Added: mlpack/trunk/src/mlpack/tests/hmm_test.cpp
===================================================================
--- mlpack/trunk/src/mlpack/tests/hmm_test.cpp	                        (rev 0)
+++ mlpack/trunk/src/mlpack/tests/hmm_test.cpp	2011-11-12 19:16:25 UTC (rev 10256)
@@ -0,0 +1,293 @@
+/**
+ * @file hmm_test.cpp
+ *
+ * Test file for HMMs.
+ */
+#include <mlpack/core.h>
+#include <mlpack/methods/hmm/discreteHMM.hpp>
+#include <mlpack/methods/hmm/hmm.hpp>
+#include <boost/test/unit_test.hpp>
+
+using namespace mlpack;
+using namespace mlpack::hmm;
+
+BOOST_AUTO_TEST_SUITE(HMMTest);
+
+/**
+ * We will use the simple case proposed by Russell and Norvig in Artificial
+ * Intelligence: A Modern Approach, 2nd Edition, around p.549.
+ */
+BOOST_AUTO_TEST_CASE(SimpleDiscreteHMMTestViterbi)
+{
+  // We have two hidden states: rain/dry.  Two emission states: umbrella/no
+  // umbrella.
+  // In this example, the transition matrix is
+  //  rain  dry
+  // [[0.7 0.3]  rain
+  //  [0.3 0.7]] dry
+  // and the emission probability is
+  //  rain dry
+  // [[0.9 0.2]  umbrella
+  //  [0.1 0.8]] no umbrella
+  arma::mat transition("0.7 0.3; 0.3 0.7");
+  arma::mat emission("0.9 0.2; 0.1 0.8");
+
+  HMM<int> hmm(transition, emission);
+
+  // Now let's take a sequence and find what the most likely state is.

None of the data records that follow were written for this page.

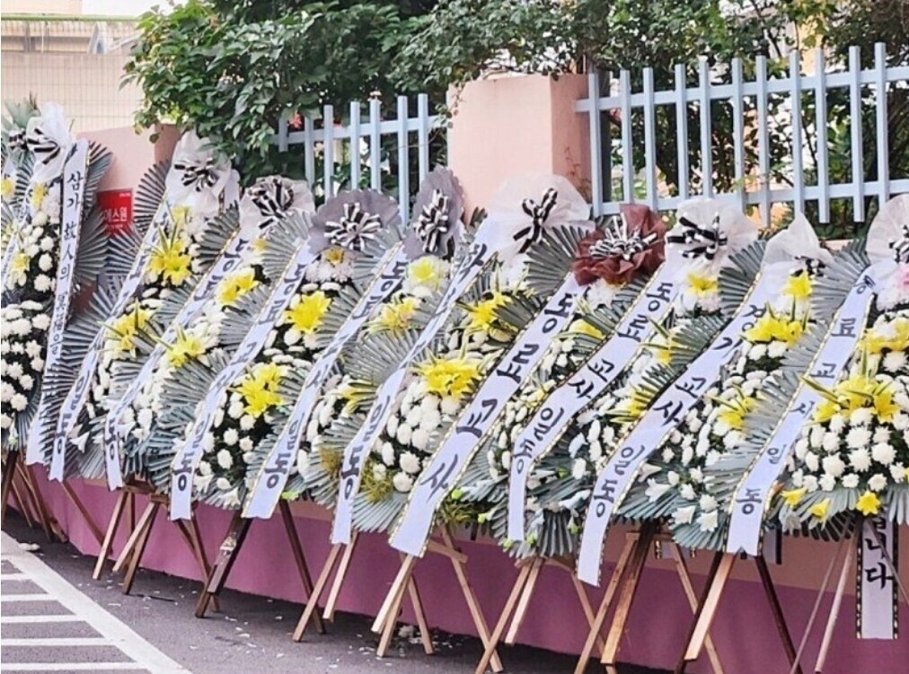 전국의 교사들이 서이초등학교 정문 앞으로 근조화환을 보냈고, 20일 새벽 수 많은 화환들이 설치됐습니다.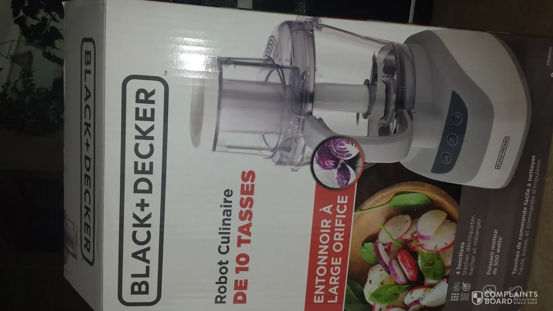 J'ai ouvert la boîte du robot culinaire, et en sortant l'appareil quelque chose m'a tombé sur le dessus du pied droit. La lame du robot n'était pas emballé adéquatement, elle m'a sectionné le dessus du pied droit, d'environ 4 pouces de long et coupure très profonde.
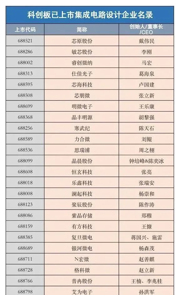 图:科创板已上市集成电路设计企业
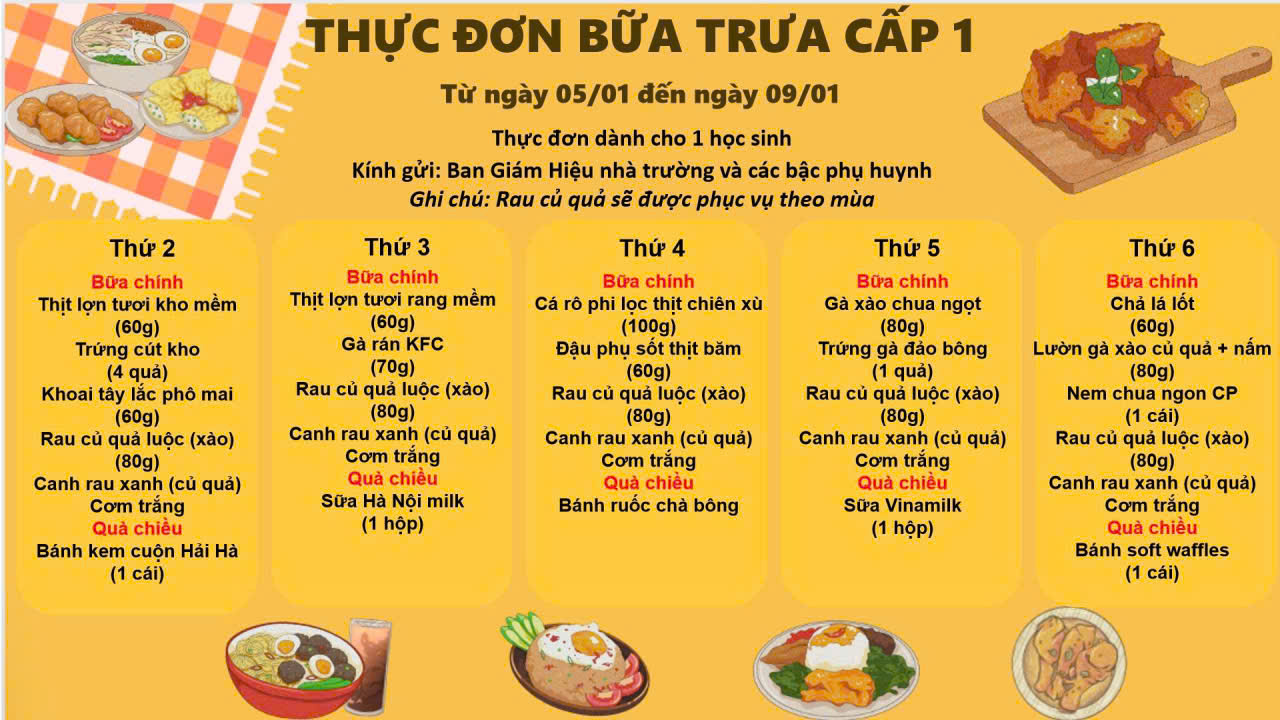 THỰC ĐƠN TUẦN 1 THÁNG 01 - 2026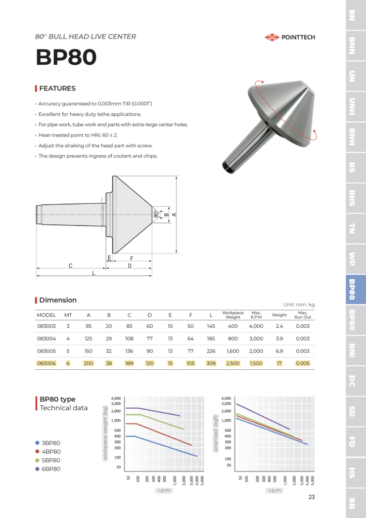 80° Bull Head Live Center MT6 – 6BP80 (#083006)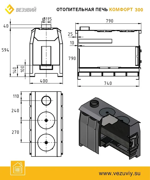 Печь Везувий "Комфорт 300" (ДТ-3С) выполнена в эргономичном дизайне, компактна по своим размерам, окрашена эмалью черного цвета, что позволяет ей органично вписаться в интерьер любого помещения, долго обогревать дом, привнося в него тепло и уют.
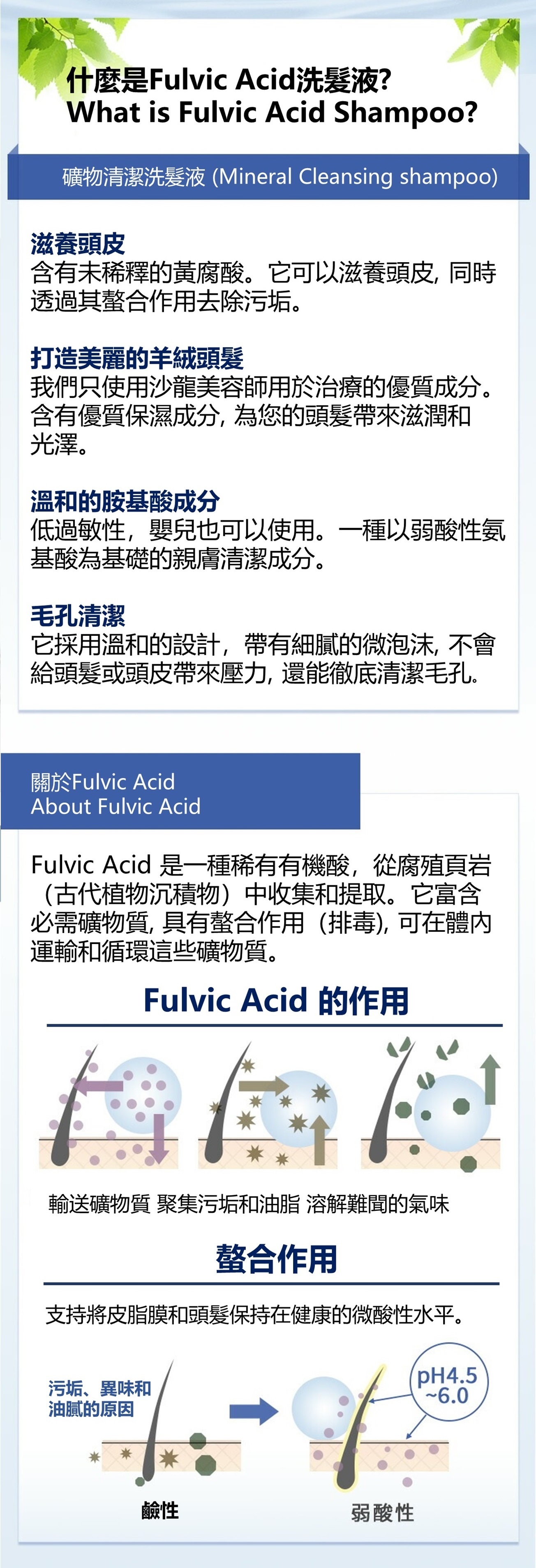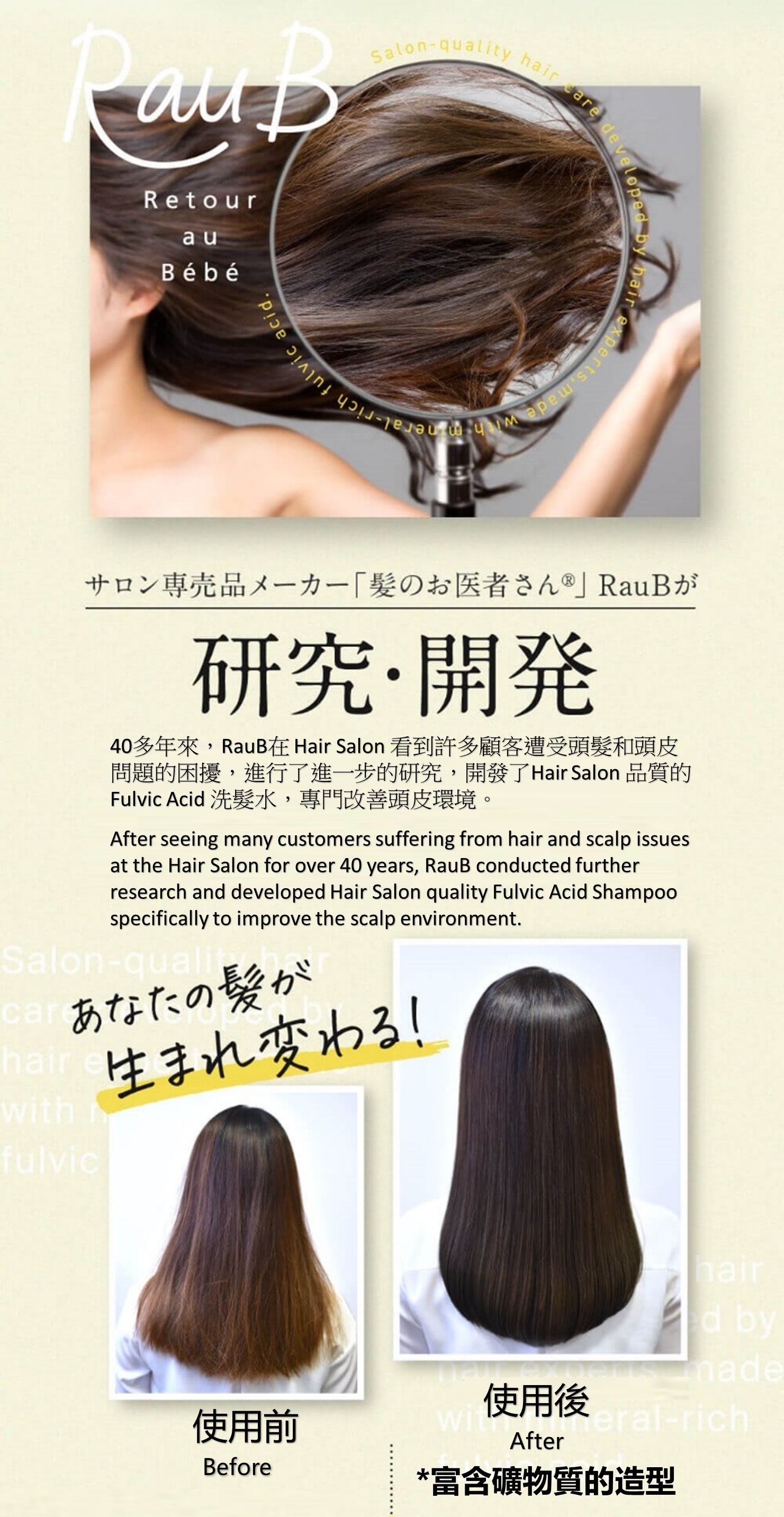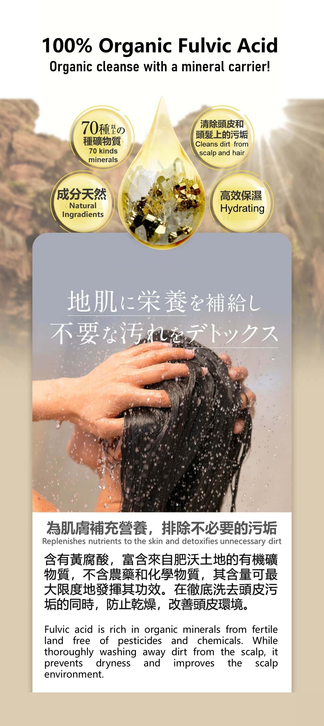 Inujirushi x RauB 防脫髮·育髮·礦物質保濕洗髮水 含有富裡酸(Fulvic Acid) 以及70多種礦物質天然成分: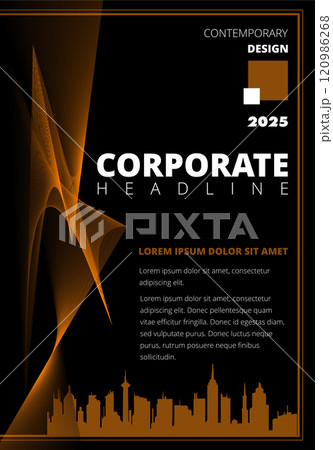 Corporate business flyer template featuring a modern cityscape and abstract design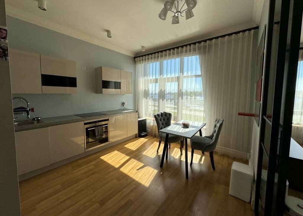 Интерьер выполнен с вниманием к деталям: итальянская кухонная гарнитура, полный комплект встроенной техники (посудомоечная машина, холодильник, духовой шкаф, варочная поверхность), дизайнерские шторы на заказ. Реализована система «умный дом», автоматически регулирующая освещение, подогрев полов и температуру радиаторов для поддержания идеального микроклимата.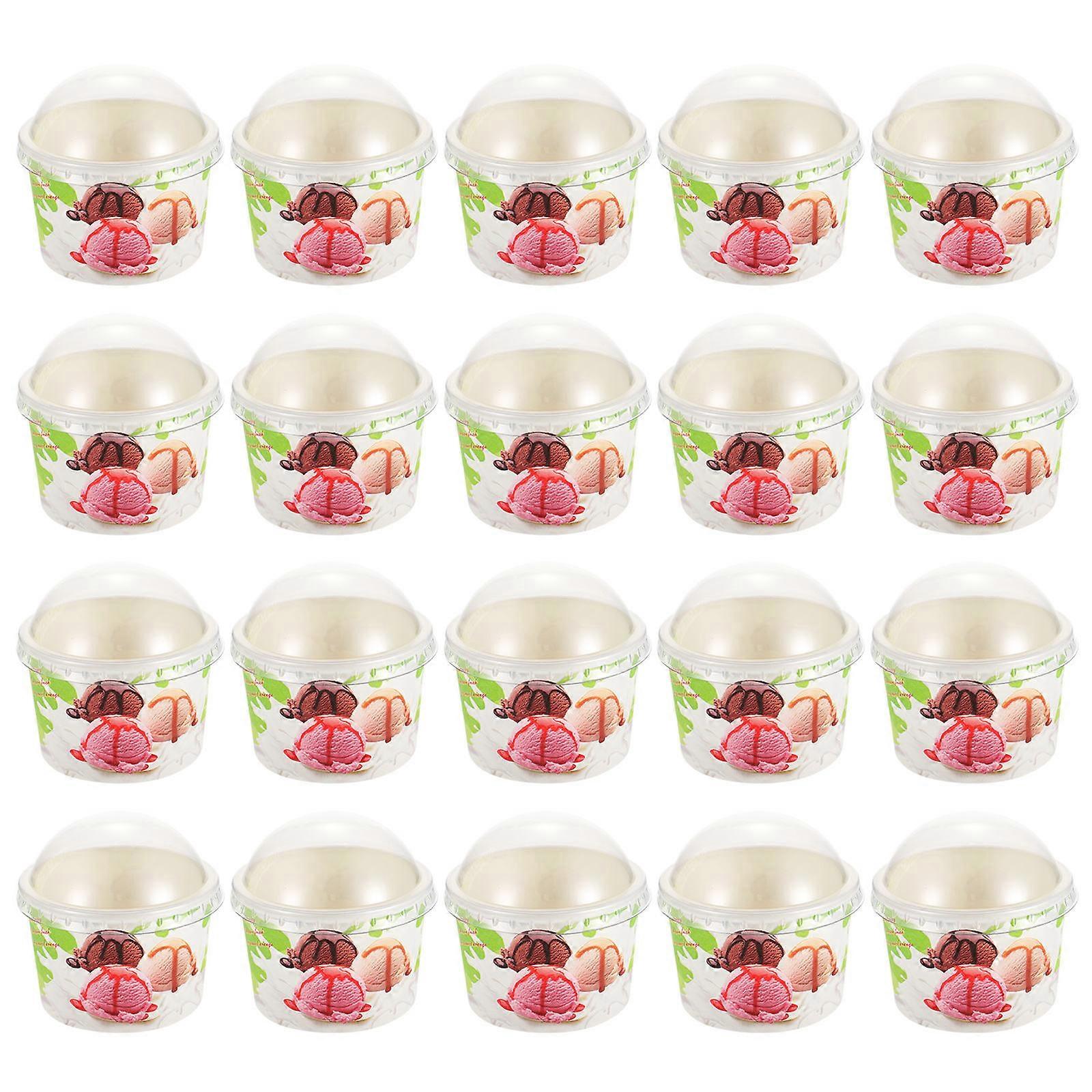 Paper Disposable Ice Cream Cups for Dessert Use 100Sets with Lids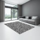 This indoor area rug is shown in a lovely blend of black and white colors in a animal zebra print.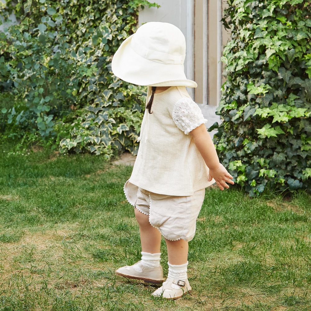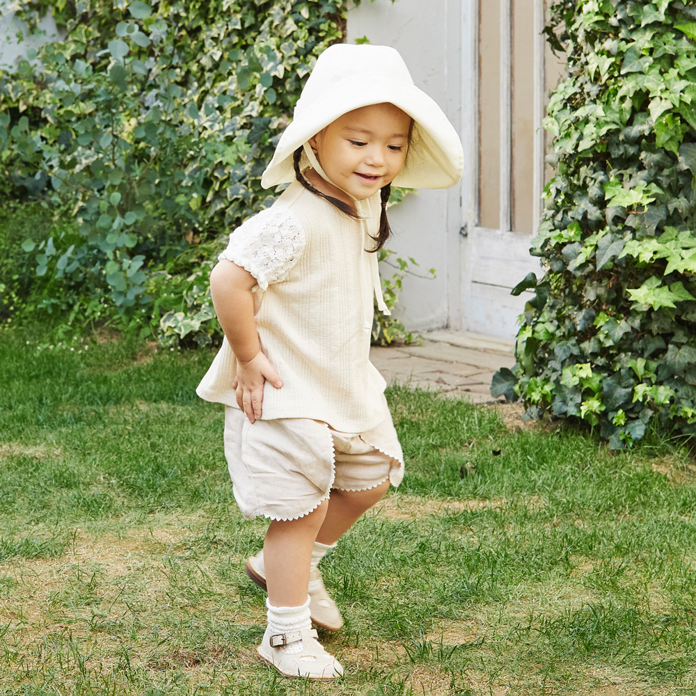 | 大帽緣遮陽帽,可反折設計。 寬帽原設計,清爽的棉麻材質,並在頭圍處繫上一條絲帶並暗藏鈕扣。 由於帽沿很大,可以用前面的鈕扣將帽緣別起,這樣就不易遮住視線。 有象牙色和海軍藍兩種顏色可供選擇,易於搭配。 男女皆宜。吸汗性強透氣性佳,是寶貝夏天必備的時尚單品 |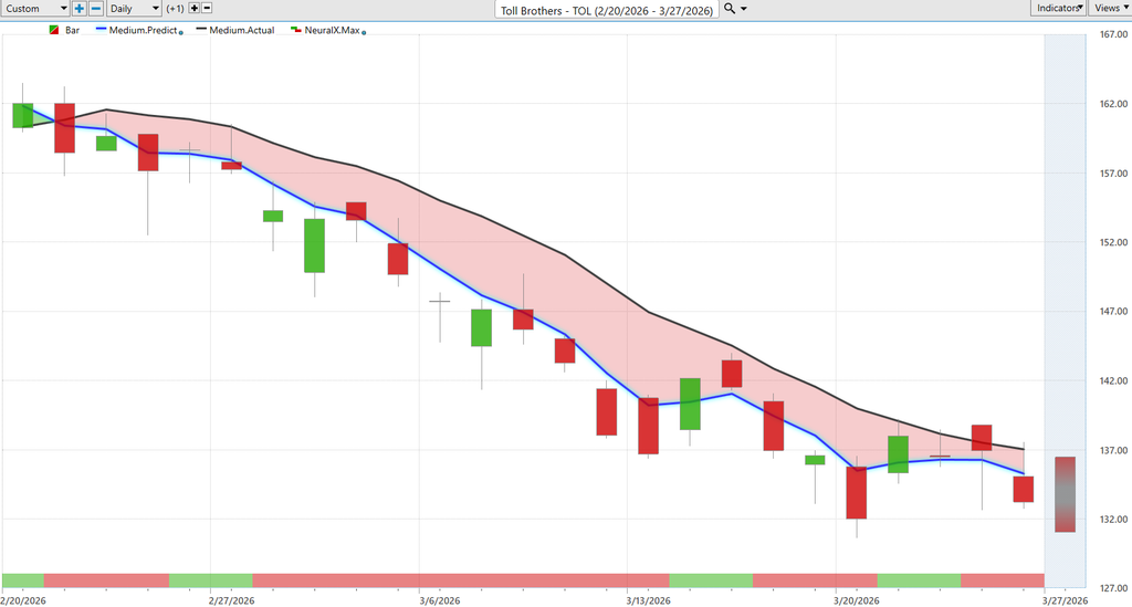 Market. Uh, here’s Toll Brothers, and this has just been an area where, again, you see a lot of weakness, uh, and things like LAR, Dr. Horton, a lot of the building material companies, uh, here in Toll Brothers as well. You see market moving into a downtrend. Again, the neural index very, very short term, right? So it’ll warn you of subsequent price strength just over the next 48 hours.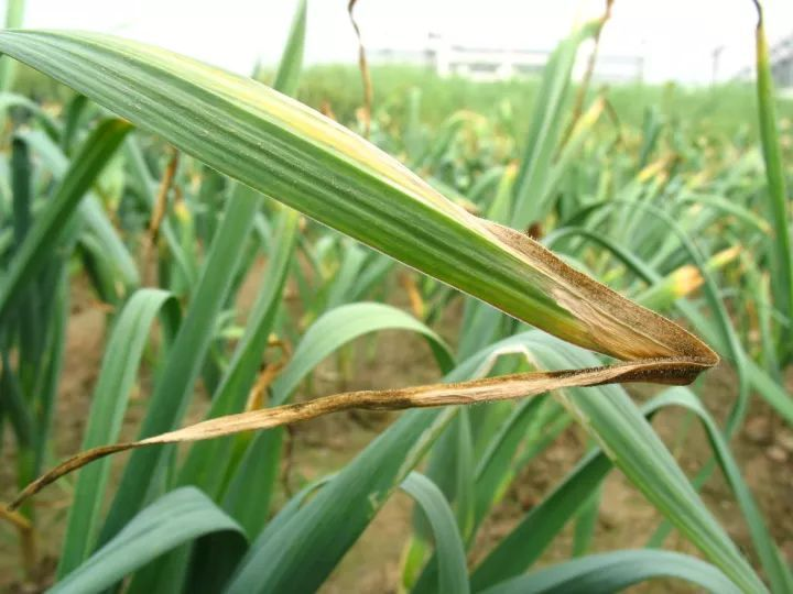 还有就是出现这种情况,是和田间管理有关,大蒜的根系比较浅,如果我们施肥不当的话,会出现烧根的情况,如果浇水的时候没有起垄的话,就容易出现沤根的情况,这样就会影响到根系吸收水分和吸收肥力的能力,从而会导致黄叶干尖的情况。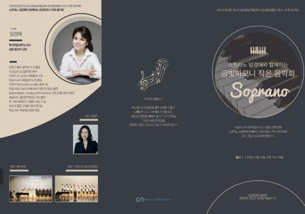 공연은 인사말과 개막 무대를 시작으로, 연습 과정과 음악 여정을 담은 영상 상영, 단원들이 직접 준비한 독창 및 듀엣 무대, 그리고 임경애 교수의 초청공연 등 다채로운 구성으로 꾸며진다.

+  // We'll use the sequence [U U N U U] (U = umbrella, N = no umbrella) like on
+  // p. 547.
+  arma::vec observation("0 0 1 0 0");
+
+  arma::Col<size_t> states;
+  hmm.Viterbi(observation, states);
+
+  // Check each state.
+  BOOST_REQUIRE_EQUAL(states[0], 0); // Rain.
+  BOOST_REQUIRE_EQUAL(states[1], 0); // Rain.
+  BOOST_REQUIRE_EQUAL(states[2], 1); // No rain.
+  BOOST_REQUIRE_EQUAL(states[3], 0); // Rain.
+  BOOST_REQUIRE_EQUAL(states[4], 0); // Rain.
+}
+
+/**
+ * This example is from Borodovsky & Ekisheva, p. 80-81.  It is just slightly
+ * more complex.
+ */
+BOOST_AUTO_TEST_CASE(BorodovskyHMMTestViterbi)
+{
+  // Two hidden states: H (high GC content) and L (low GC content), as well as a
+  // start state.
+  arma::mat transition("0.0 0.0 0.0;"
+                       "0.5 0.5 0.4;"
+                       "0.5 0.5 0.6");
+  // Four emission states: A, C, G, T.  Start state doesn't emit...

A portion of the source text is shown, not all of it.